Top of The input
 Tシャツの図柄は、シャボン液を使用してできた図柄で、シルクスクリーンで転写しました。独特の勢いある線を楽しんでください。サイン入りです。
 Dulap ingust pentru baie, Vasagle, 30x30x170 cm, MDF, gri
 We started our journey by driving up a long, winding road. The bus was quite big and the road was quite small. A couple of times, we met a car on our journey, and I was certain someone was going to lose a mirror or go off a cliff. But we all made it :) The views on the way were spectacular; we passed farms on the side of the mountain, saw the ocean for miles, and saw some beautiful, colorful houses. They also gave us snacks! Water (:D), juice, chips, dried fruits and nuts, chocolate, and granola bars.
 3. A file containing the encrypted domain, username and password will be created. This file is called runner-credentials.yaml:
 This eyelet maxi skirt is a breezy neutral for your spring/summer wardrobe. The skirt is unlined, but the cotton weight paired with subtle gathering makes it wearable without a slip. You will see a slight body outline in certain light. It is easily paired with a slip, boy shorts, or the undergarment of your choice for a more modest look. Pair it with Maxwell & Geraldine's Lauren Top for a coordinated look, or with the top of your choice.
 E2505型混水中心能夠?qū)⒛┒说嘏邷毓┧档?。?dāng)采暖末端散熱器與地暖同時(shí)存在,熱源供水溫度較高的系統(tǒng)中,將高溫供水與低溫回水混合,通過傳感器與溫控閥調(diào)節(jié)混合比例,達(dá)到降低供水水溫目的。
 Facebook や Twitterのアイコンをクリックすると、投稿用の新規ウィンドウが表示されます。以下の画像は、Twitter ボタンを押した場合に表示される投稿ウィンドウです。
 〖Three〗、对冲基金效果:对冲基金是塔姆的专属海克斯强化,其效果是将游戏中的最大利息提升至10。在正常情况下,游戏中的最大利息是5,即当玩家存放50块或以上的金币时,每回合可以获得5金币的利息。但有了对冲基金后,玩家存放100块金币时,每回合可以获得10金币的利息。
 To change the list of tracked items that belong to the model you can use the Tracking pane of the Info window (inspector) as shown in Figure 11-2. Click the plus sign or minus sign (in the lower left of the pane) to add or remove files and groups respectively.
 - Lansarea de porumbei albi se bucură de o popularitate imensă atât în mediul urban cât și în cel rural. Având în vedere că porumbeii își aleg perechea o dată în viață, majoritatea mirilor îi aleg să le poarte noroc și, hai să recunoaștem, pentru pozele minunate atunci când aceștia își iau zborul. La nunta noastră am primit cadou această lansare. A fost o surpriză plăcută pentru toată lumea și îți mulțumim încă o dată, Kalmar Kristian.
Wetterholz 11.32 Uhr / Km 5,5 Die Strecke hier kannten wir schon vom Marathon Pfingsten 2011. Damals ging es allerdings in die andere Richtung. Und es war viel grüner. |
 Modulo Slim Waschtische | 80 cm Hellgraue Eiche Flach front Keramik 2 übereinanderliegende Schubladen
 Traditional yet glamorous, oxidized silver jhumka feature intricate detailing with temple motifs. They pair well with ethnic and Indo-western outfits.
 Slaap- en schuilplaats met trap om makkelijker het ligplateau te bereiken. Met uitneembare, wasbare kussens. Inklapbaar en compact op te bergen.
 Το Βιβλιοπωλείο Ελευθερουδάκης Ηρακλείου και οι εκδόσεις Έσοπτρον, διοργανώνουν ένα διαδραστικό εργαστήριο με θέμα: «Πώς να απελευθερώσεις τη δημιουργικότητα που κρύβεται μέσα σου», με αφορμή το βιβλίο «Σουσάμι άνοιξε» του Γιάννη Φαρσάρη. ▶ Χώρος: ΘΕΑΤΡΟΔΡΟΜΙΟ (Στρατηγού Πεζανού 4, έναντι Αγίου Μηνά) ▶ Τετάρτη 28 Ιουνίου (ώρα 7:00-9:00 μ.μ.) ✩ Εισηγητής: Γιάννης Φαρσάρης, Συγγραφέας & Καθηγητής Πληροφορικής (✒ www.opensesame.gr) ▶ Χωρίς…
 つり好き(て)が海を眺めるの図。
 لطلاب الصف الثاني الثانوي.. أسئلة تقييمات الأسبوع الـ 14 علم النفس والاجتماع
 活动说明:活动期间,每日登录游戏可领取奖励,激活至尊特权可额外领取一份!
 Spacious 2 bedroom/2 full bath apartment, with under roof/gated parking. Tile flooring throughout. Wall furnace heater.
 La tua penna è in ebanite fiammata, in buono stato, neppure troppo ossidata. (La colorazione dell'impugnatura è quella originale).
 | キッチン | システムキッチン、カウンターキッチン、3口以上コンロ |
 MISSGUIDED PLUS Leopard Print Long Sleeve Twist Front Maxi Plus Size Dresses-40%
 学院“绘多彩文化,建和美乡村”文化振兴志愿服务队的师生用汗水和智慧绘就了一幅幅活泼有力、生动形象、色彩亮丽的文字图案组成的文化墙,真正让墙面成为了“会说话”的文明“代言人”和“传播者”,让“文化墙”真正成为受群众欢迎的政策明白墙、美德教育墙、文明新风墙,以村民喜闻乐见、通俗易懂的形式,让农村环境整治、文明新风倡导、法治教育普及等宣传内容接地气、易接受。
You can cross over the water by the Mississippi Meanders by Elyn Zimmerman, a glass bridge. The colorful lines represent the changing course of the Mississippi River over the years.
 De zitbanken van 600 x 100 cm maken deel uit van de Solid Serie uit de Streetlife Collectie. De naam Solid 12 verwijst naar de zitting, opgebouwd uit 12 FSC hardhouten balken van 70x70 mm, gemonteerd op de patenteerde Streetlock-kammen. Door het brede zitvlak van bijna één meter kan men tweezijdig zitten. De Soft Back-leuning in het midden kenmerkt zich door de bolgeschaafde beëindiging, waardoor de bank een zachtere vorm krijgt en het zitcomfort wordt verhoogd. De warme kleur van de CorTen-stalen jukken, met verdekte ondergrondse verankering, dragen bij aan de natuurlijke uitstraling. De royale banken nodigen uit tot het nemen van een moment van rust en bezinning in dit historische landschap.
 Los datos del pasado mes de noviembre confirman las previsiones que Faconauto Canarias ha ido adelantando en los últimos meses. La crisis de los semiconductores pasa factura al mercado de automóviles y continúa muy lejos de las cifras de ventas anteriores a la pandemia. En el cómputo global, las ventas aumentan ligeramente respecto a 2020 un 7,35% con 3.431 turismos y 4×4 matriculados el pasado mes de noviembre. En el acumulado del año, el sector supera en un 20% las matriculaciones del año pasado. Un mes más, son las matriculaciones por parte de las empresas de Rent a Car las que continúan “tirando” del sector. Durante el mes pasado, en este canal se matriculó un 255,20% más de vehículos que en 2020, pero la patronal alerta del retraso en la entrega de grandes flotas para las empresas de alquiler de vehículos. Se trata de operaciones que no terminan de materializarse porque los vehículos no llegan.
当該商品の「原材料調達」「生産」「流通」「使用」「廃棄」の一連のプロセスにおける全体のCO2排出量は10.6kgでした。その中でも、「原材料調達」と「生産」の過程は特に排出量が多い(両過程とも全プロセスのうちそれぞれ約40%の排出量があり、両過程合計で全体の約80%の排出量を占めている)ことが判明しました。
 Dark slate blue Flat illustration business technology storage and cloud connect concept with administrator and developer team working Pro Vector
Bottom of The input
## Task to complete
Of the entries listed above, reproduce only the lines starting at the line containing "لطلاب الصف الثاني" and ending at the line containing "Spacious 2 bedroom/2". Include both, exactly as they stand.

## Output of the exercise
 لطلاب الصف الثاني الثانوي.. أسئلة تقييمات الأسبوع الـ 14 علم النفس والاجتماع
 活动说明:活动期间,每日登录游戏可领取奖励,激活至尊特权可额外领取一份!
 Spacious 2 bedroom/2 full bath apartment, with under roof/gated parking. Tile flooring throughout. Wall furnace heater.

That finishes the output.